To order any of our R32 performance products contact HPA Motorsports at *604.888.7274* and place your order. *Package pricing will be offered for 2 or more items purchased at one time*. *Visa* and *MasterCard* are accepted, and *PayPal* can be set up upon request.


----------



## [email protected] (Mar 9, 2007)

Thank you for the e-mails. :thumbup:


----------



## [email protected] (Mar 9, 2007)

Hybrid20v said:


> Here are a pic of them installed. Some good brakes here. I have the rears waiting to be installed when I get home.


:thumbup::thumbup:


----------



## GT-ER (Feb 23, 2005)

Hey, what wheels are those?


----------



## [email protected] (Mar 9, 2007)

GT-ER said:


> Hey, what wheels are those?


Send an *IM* to *Hybrid20v*...:thumbup:


----------



## [email protected] (Mar 9, 2007)

*Package pricing* will be offered upon request for 2 or more drivetrain upgrades purchased *at one time*.

*IM* or *e-mail me* for details.


----------



## [email protected] (Mar 9, 2007)

Trying to gauge interest in another *Mk4 R32 Club Sport Roll Bar* production run / Group Buy.

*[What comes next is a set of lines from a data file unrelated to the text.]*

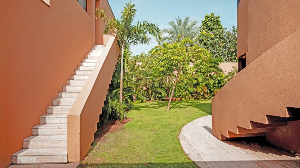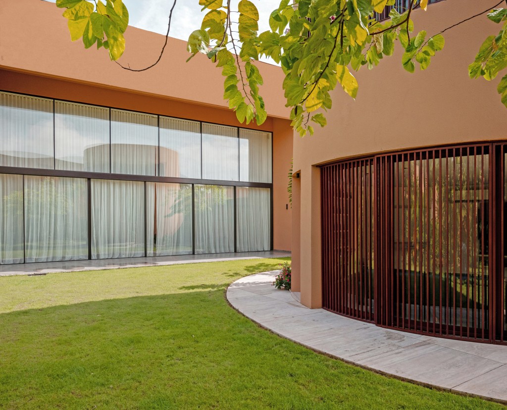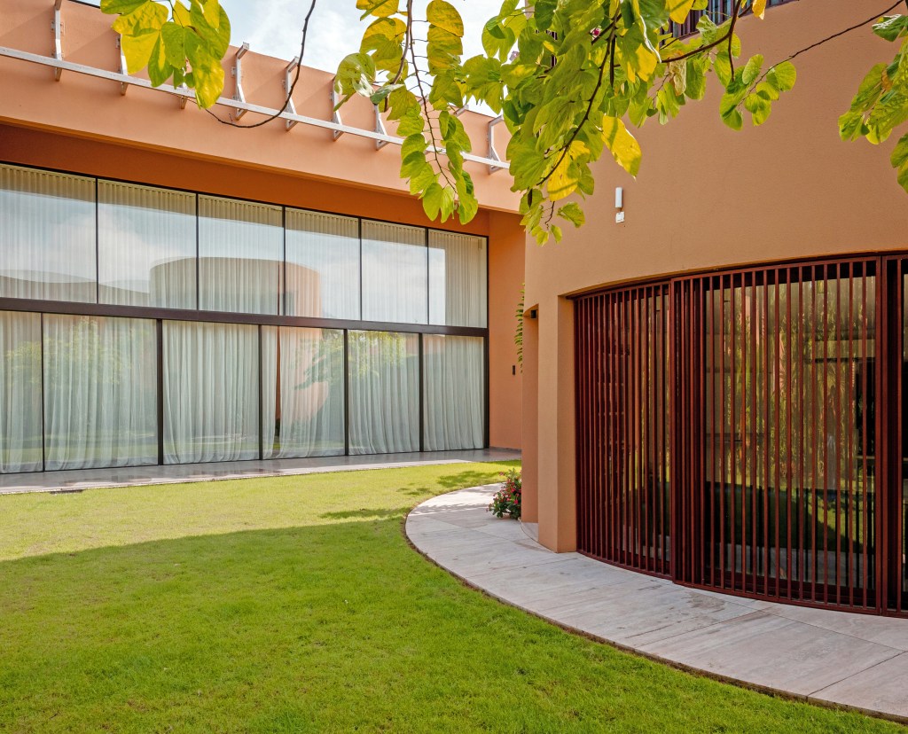 Marcory House is located in a chaotic and disjointed environment, which motivates the dwelling to close itself off from the outside and develop its own internal logic. This introspective organization revolves around three distinct elements within a single enclosed compound. Each corresponds to a clear typology: a courtyard house, an open block resembling a private apartment, and a circular volume dedicated to play and fitness. These volumes are tangentially connected by an entrance canopy, generating interstitial spaces enriched by carefully designed landscaping.
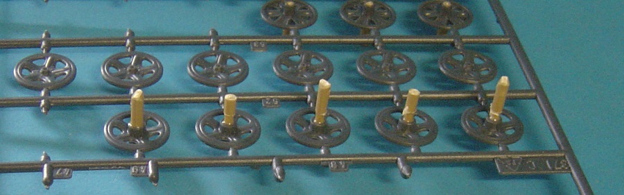 Nur leider passte die neu Kette nicht auf die alten Laufräder, weil die Führungszähne zu breit waren. Also werden auch die neuen Räder verbaut. Die Achsen sind 1.6 mm dick und die Löcher in den Rädern 2,1 mm, darum die Löcher in den Rädern mit Gießästen verschließen und neu aufbohren.
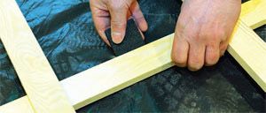 Pod tak przygotowaną konstrukcję krzyżową musimy podłożyć podkładki elastyczne. Podkładki o wymiarach 15 mm x 75 mm x 75 mm wykonane są ze sztucznego tworzywa o współczynniku sprężystości przy ściskaniu Ec = 2,85 N/mm2 oraz gęstości 730 kg/m3. Podkładki elastyczne podkładamy pod dolny legar w połowie rozstawu pomiędzy połączeniami z legarami warstwy górnej.
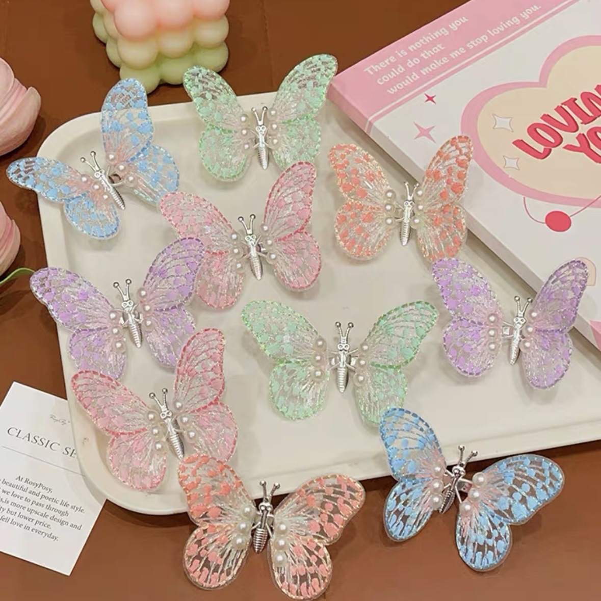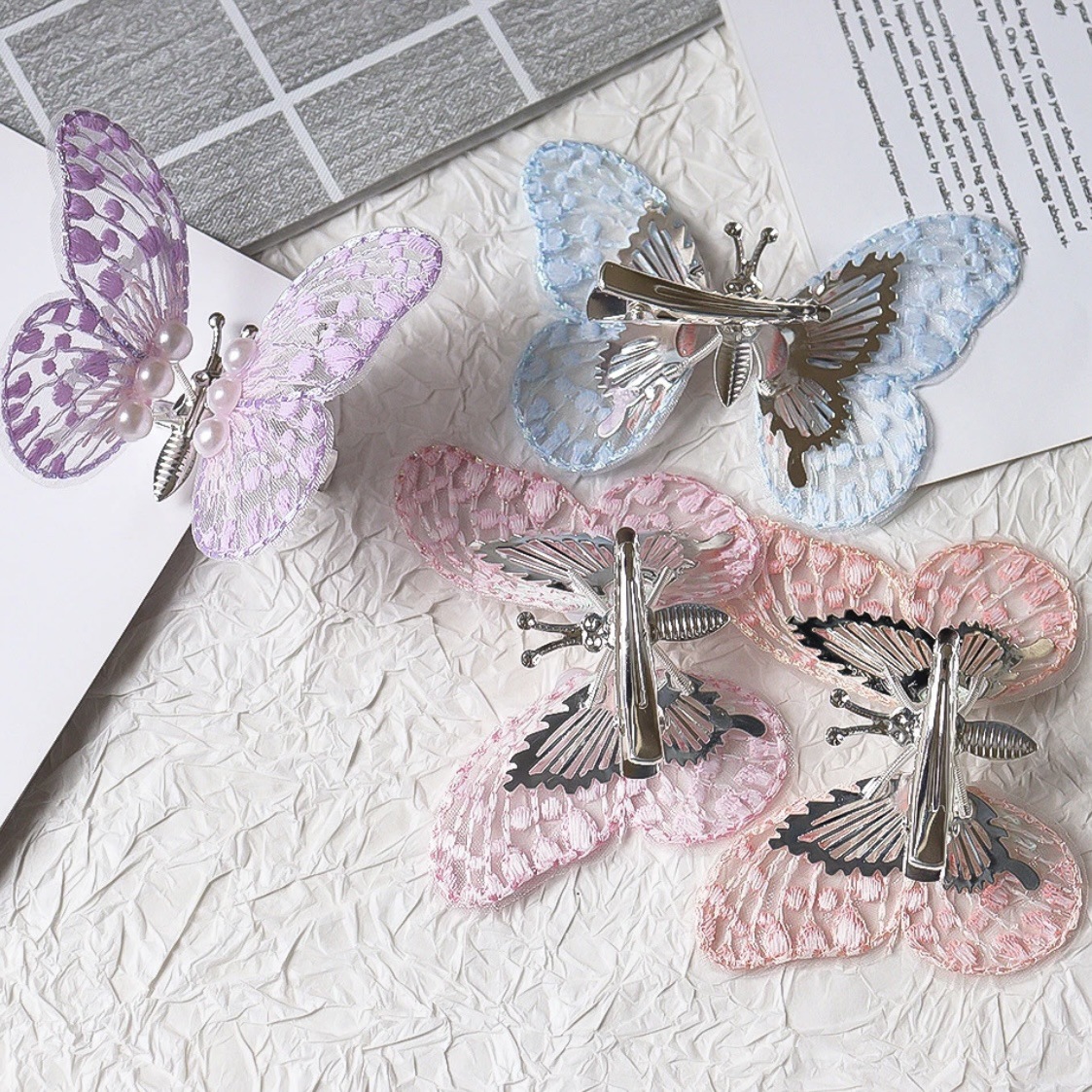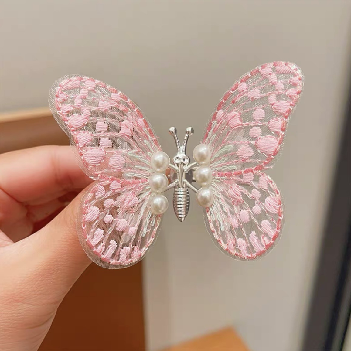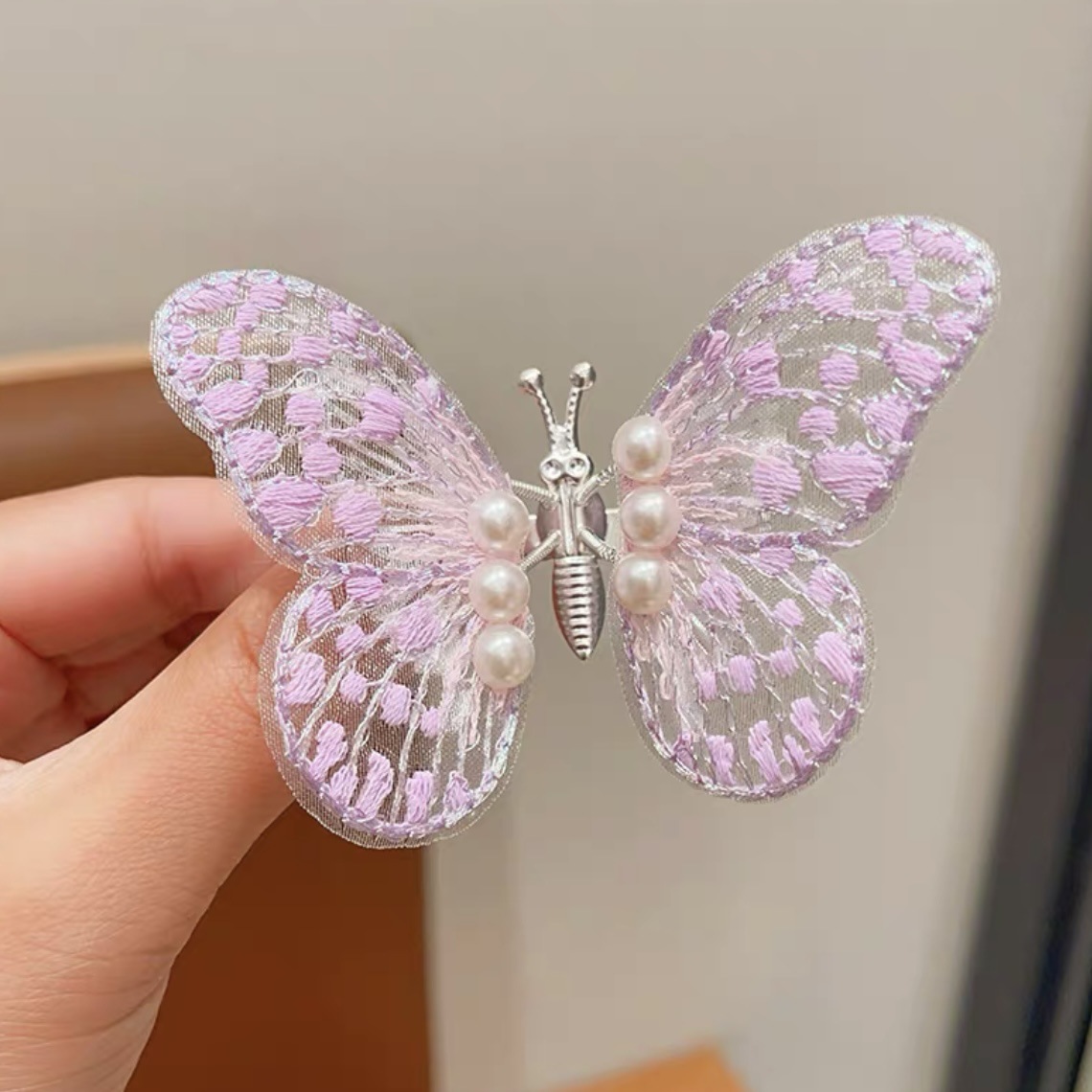 스마트 골동품 이동 나비 머리핀 슈퍼 요정 진주 자수 클립 어린이 입체 귀여운 머리핀 헤어 액세서리
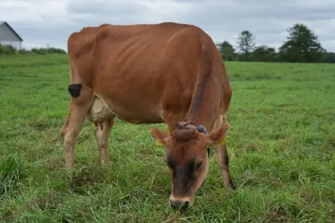 うすい茶色の毛がとってもかわいいのは、ジャージー牛。日本で飼われている乳牛の中では、ホルスタインの次に多いと言われています。ホルスタインにくらべて、出るお乳の量は少ないけれど、ジャージーのお乳はコクがあるのがポイントです。
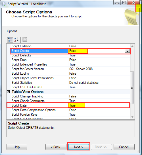 Varun,I just try to generate script by following your guide lines.But I can’t find ‘Script Data Option’ in Table/View options.I am using SQL Server 2005 DB.Could you pls help me to solve it.
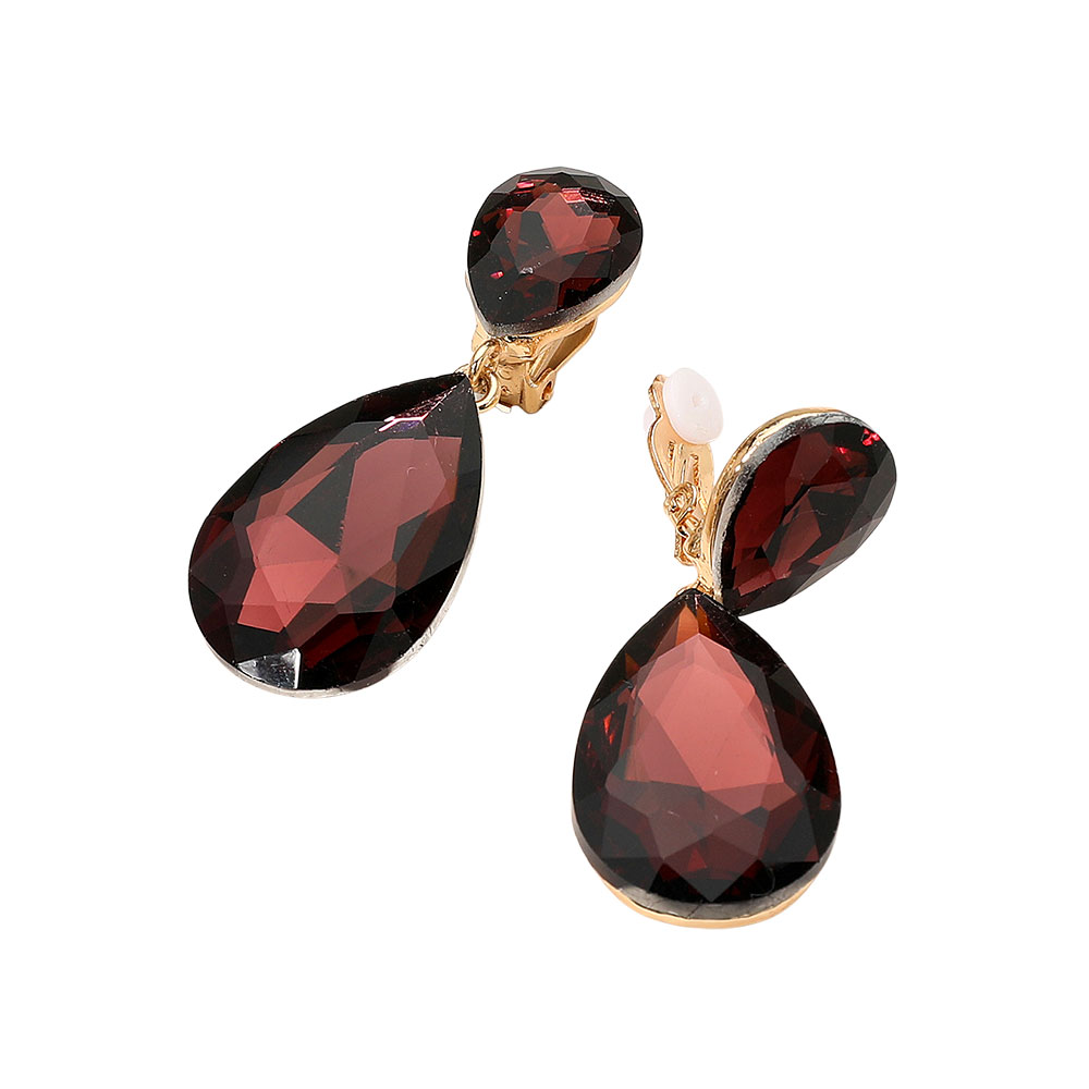Glass Crystal Double Teardrop Clip On Evening Earrings

*IM* me if interested. :thumbup:


----------



## [email protected] (Mar 9, 2007)

**NEW** HPA DTM Turbo Kit

:thumbup::thumbup:


----------



## [email protected] (Mar 9, 2007)

[email protected] said:


> The *90a (Blue)* mount is considered to be the best match for the VR6 engine in the Mk5 R32, Audi TT, and Audi A3, providing optimized performance without excessive cabin vibration.


:beer:


----------



## [email protected] (Mar 9, 2007)

logmk6 said:


> I am running SHS Coilovers on my car.. Saving up for my brake kit.


:thumbup::thumbup:


----------



## [email protected] (Mar 9, 2007)

NS01GTI said:


> Getting an HPA motor mount installed, and my SHS coils re-installed in the next week or so. Can't wait!


:thumbup::thumbup:


----------



## [email protected] (Mar 9, 2007)

All e-mails and IMs replied...:wave:


----------



## [email protected] (Mar 9, 2007)

Package pricing available for 2+ modifications...:beer:


----------



## [email protected] (Mar 9, 2007)

Thank you for your orders! :beer:


----------



## [email protected] (Mar 9, 2007)

*SHS Coilovers* - each order built to ship in KW Germany!


----------



## [email protected] (Mar 9, 2007)

[email protected] said:


> *Visa* and *MasterCard* are accepted, and *PayPal* can be set up upon request.


:thumbup::thumbup:


----------



## [email protected] (Mar 9, 2007)

[email protected] said:


> ...Unlike other urethane inserts which merely reinforce the OEM rubber mount; this is a completely re-engineered one stop solution that will control the engine’s motion *without the need to install aftermarket side mounts*.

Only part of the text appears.